A furiously paced, fabulously told story of moral dilemma, bold action and unexpected love

A counter-terror operation, codenamed Wildlife, is being mounted in Britain's most precious colony, Gibraltar. Its purpose: to capture and abduct a high-value jihadist arms-buyer. Its authors: an ambitious Foreign Office Minister, and a private defence contractor who is also his close friend. So delicate is the operation that even the Minister's Private Secretary, Toby Bell, is not cleared for it.

Suspecting a disastrous conspiracy, Toby attempts to forestall it, but is promptly posted overseas. Three years on, summoned by Sir Christopher Probyn, retired British diplomat, to his decaying Cornish manor house, and closely watched by Probyn's daughter Emily, Toby must choose between his conscience and his duty to the Service.

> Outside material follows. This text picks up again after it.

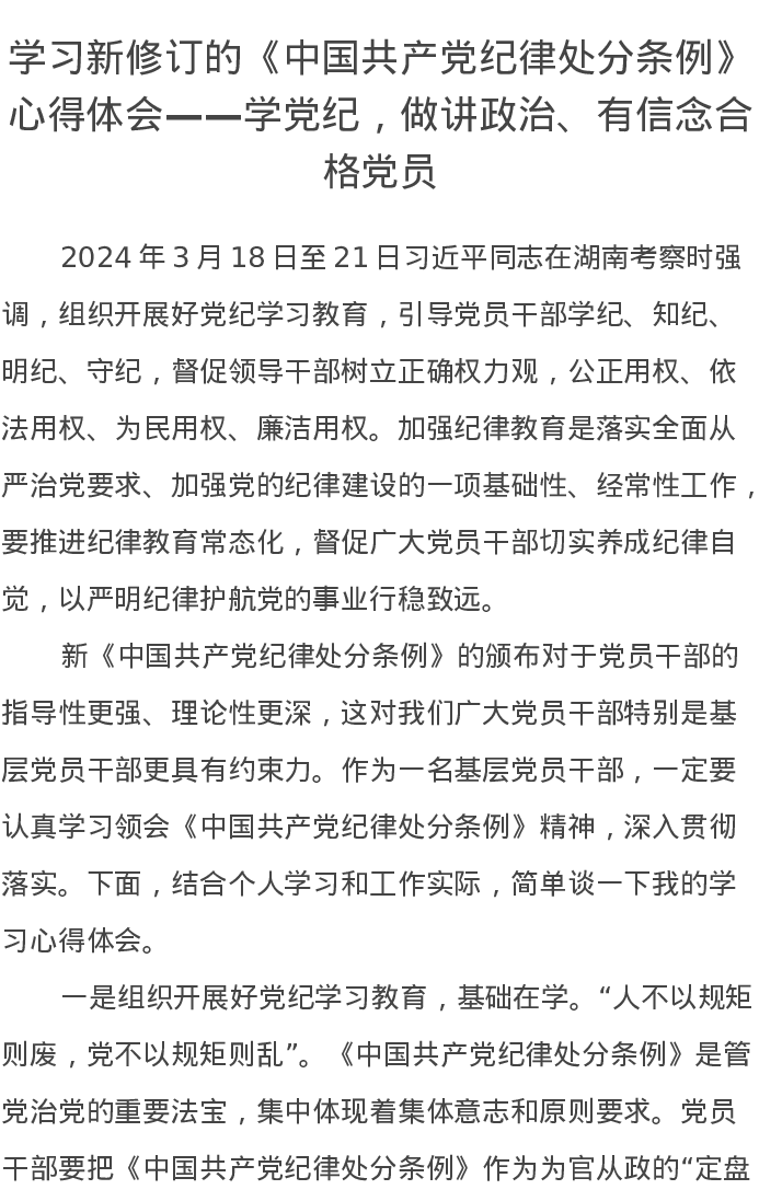 学习新修订的《中国共产党纪律处分条例》心得体会——学党纪,做讲政治、有信念合格党员
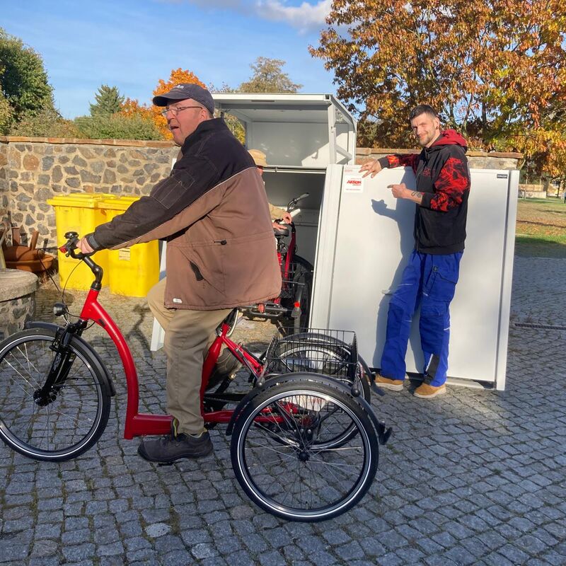 Durch eine Unterstützung von Aktion Mensch und dem Förderprogramm „Mobil mit Rad“ erhielten die Bewohner des Missionshofes Lieske zwei Dreiräder sowie zwei wetterfeste Fahrradgaragen.

If the only thing necessary for the triumph of evil is that good men do nothing, how can he keep silent?

  • Published: 25 April 2013
  • ISBN: 9780670923403
  • Imprint: Penguin Audio
  • Format: Audio Download
  • Narrator: John le Carré

About the author

John le Carré

John le Carré was born in 1931. For six decades, he wrote novels that came to define our age. The son of a confidence trickster, he spent his childhood between boarding school and the London underworld. At sixteen he found refuge at the university of Bern, then later at Oxford. A spell of teaching at Eton led him to a short career in British Intelligence (MI5&6). He published his debut novel, Call for the Dead, in 1961 while still a secret servant. His third novel, The Spy Who Came in from the Cold, secured him a worldwide reputation, which was consolidated by the acclaim for his trilogy Tinker Tailor Soldier Spy, The Honourable Schoolboy and Smiley's People. At the end of the Cold War, le Carré widened his scope to explore an international landscape including the arms trade and the War on Terror. His memoir, The Pigeon Tunnel, was published in 2016 and the last George Smiley novel, A Legacy of Spies, appeared in 2017. He died on 12 December 2020. His posthumous novel Silverview was published in 2021.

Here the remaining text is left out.